The latest stumbling block to plotting a course was the city of Aspen’s insistence that an outside auditor be hired to make sure RFTA is running as efficiently as possible.

Aspen Mayor and RFTA board member Helen Klanderud said the Aspen council feels an exam by a consultant is necessary to show voters all options were explored before seeking a sales tax increase.

“An election too soon could end up in defeat,” Klanderud said.

But Snowmass Village Councilman and RFTA board member Arnie Mordkin said the exam is really an example of Aspen trying to micro-manage the valleywide bus agency.

“Get out of running RFTA,” Mordkin told Klanderud. He urged the full RFTA board not to allow one jurisdiction to “dictate” what the organization does. His use of the word “dictate” drew an objection from Klanderud.

At the heart of the dispute is the structure of RFTA’s governing board. Each of the governments that belong to the organization appoints one of its elected officials to RFTA’s board of directors. There are representatives from Aspen, Snowmass Village, Basalt, Carbondale and Glenwood Springs, as well as Pitkin and Eagle counties.

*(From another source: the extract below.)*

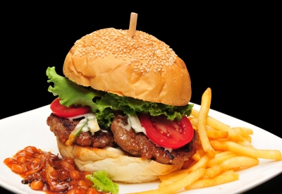 Grilled 3 pcs beef burger served with mayo, mix veggie, BBQ bean and fries.

The board members meet once per month but action often gets delayed because representatives feel they must get direction from their own boards. RFTA operates like the United Nations, except meetings are only held once per month. Swift action is next to impossible.

In addition to the structural challenges, different RFTA directors have different opinions on how to solve the budget crisis. Some members have pressed for the last couple of months to take a hatchet to expenses, but nobody seems to want to pull the trigger on service cuts.

What may be in jeopardy is construction of a trail between Emma and Glenwood Springs and a massive plan to modernize the bus system.

Aspen Councilman and RFTA alternate Terry Paulson said the organization should concentrate on finding revenues for the current bus system and stop pursuing “dreams” like building the trail and building a Bus Rapid Transit system or BRT.

The BRT is essentially an ultramodern version of RFTA that would feature a handful of high-tech bus stops where customers would purchase tickets in advance and scan them as they load. Buses would make fewer stops in the valley so riders would reach their destinations quicker.

The vision is to create a bus system that competes better with private vehicles.

Paulson said it seemed “unrealistic” to pursue funding for those dreams “when the foundation is crumbling.”

At the prompting of other board members over the last three months, the RFTA staff has been forced to look at numerous budget scenarios with and without spending on trail construction and with budget cuts.

But the majority of board members seemed to indicate Thursday they don’t want to consider drastic cuts in service or give up trails or the Bus Rapid Transit system.

Pitkin County Commission and RFTA board chairwoman Dorothea Farris objected that giving up on trail construction and the BRT would “gut two-thirds” of what the organization is supposed to be.

Basalt Councilwoman and RFTA board member Jacque Whitsitt said the board should stick to its vision despite tough economic times. “We keep coming back and rehashing these vision things,” she said.

So the vision stayed intact Thursday, but the method of paying for it remains unresolved. The board set a somewhat cloudy course on the issue of an exam by an outside consultant. They voted 5-1 to direct Dan Blankenship, RFTA’s chief executive officer, to study how much it would cost for such an outside review and how soon it could be done. He will report back to the board at the May meeting. Whitsitt cast the lone vote against looking into hiring an outside “hatchet man.”

No formal decision was made on whether or not to place a sales tax hike on the November ballot for the towns and counties already in RFTA.

Meanwhile, projections by RFTA Chief Financial Officer Heather Copp showed RFTA could have a $1.32 million deficit next year just in bus operations.